Cenário parecido do governo Dilma
É um risco. O que a gente viu foi bastante semelhante. As taxas de mercado subindo. Muita gente no governo atual tem a visão de que, talvez, aquele ajuste que a Dilma fez em 2015 teria sido contraproducente. Após a eleição (de 2014), a presidente Dilma fez um pacote fiscal, tentou segurar gastos, e o Banco Central subiu os juros. Eu me pergunto em que medida isso tem alguma influência. Eu acho que é uma leitura errada do que aconteceu, mas o paralelo é bastante válido, porque mexe na imaginação, mexe no que está sendo debatido e, obviamente, o paralelo de indicadores é bastante direto e claro.
Governo perdeu a janela de oportunidade?
Oportunidade sempre tem. O governo pode fazer o que se esperava que fosse feito agora – se vai ocorrer ou não é outra pergunta. A leitura que se faz do que aconteceu é que o governo acredita que tem tempo até as eleições de 2026 e que vai poder não adotar medidas impopulares. Pelo contrário, vai adotar medidas que aumentam o gasto, são populares, têm impacto eleitoral favorável ao presidente Lula numa eventual campanha de reeleição em 2026. A pergunta é se tem tempo mesmo.
Há essa visão de que o pacote compra tempo e tem tempo, de que não vai estourar uma crise mais séria antes das eleições. Obviamente, se isso não se revelar verdade, eu acho que o governo vai ter de fazer alguma coisa. O dólar pode andar mais, a bolsa pode cair mais
Piora dos ativos brasileiros
Se nada for feito, eu acho que sem dúvida (tem espaço para a piora dos ativos brasileiros). Não é só aqui. Tem um ambiente externo que não ajuda. Há bastante dúvida sobre que o Donald Trump vai fazer. O que surpreende é que tenha demorado tanto. A dinâmica da dívida já vinha ruim há bastante tempo, o déficit vem alto há bastante tempo. Na verdade, o que é surpreendente - e muito se debateu sobre isso ao longo deste ano - é porque demorou tanto tempo. Por que uma coisa que era evidentemente insustentável demorou tanto tempo para afetar os preços de uma maneira mais significativa? Só nos últimos meses é que a gente começou a ver essa escalada do dólar, por exemplo.
Como fica o Banco Central
O Banco Central vinha sinalizando nas atas das suas reuniões do Copom a importância do fiscal. Eu acho que o que foi anunciado não atende ao que o Banco Central vinha pedindo. A vida do Banco Central complica. Essa isenção do imposto de até R$ 5 mil estimula, bota mais renda numa camada da população que tem uma propensão a consumir bastante elevada. Reforça esse aumento da demanda que vem pressionando nos preços. Não custa lembrar que o IPCA-15 desta semana mostrou uma inflação em 12 meses de 4,77%, acima do teto de banda de 4,5%.

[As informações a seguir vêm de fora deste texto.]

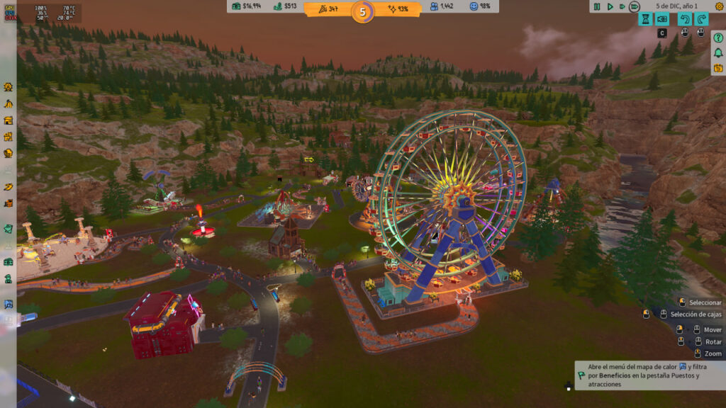 Para mi sorpresa, seguía con el tutorial. Tenía libertad para «crear», pero iba dirigido según me iba diciendo. Me obligaba a poner un mínimo de 4 bancos, vigilar el mapa de calor de las familias, montar atracciones acordes al grupo familiar, 4 animadores…. una falsa libertad, ya que si no cumples, no hay más opciones de construcción… y son realmente pocas.

O câmbio vai pressionar ainda mais os preços. Muita gente já está prevendo uma inflação de 5% ou mais no ano que vem. O desafio do Banco Central ficou mais complicado. O mercado está precificando uma Selic batendo em 14,5% até o final do ano que vem. Politicamente é não trivial. É não trivial porque simbolicamente é ruim, é uma taxa muito grande, e o presidente da República tem batido muito na taxa Selic. É complicado porque, obviamente, o que o Banco Central precisa fazer para controlar a inflação é segurar a demanda e o que esse pacote fiscal sugere é que esse governo não quer segurar a demanda.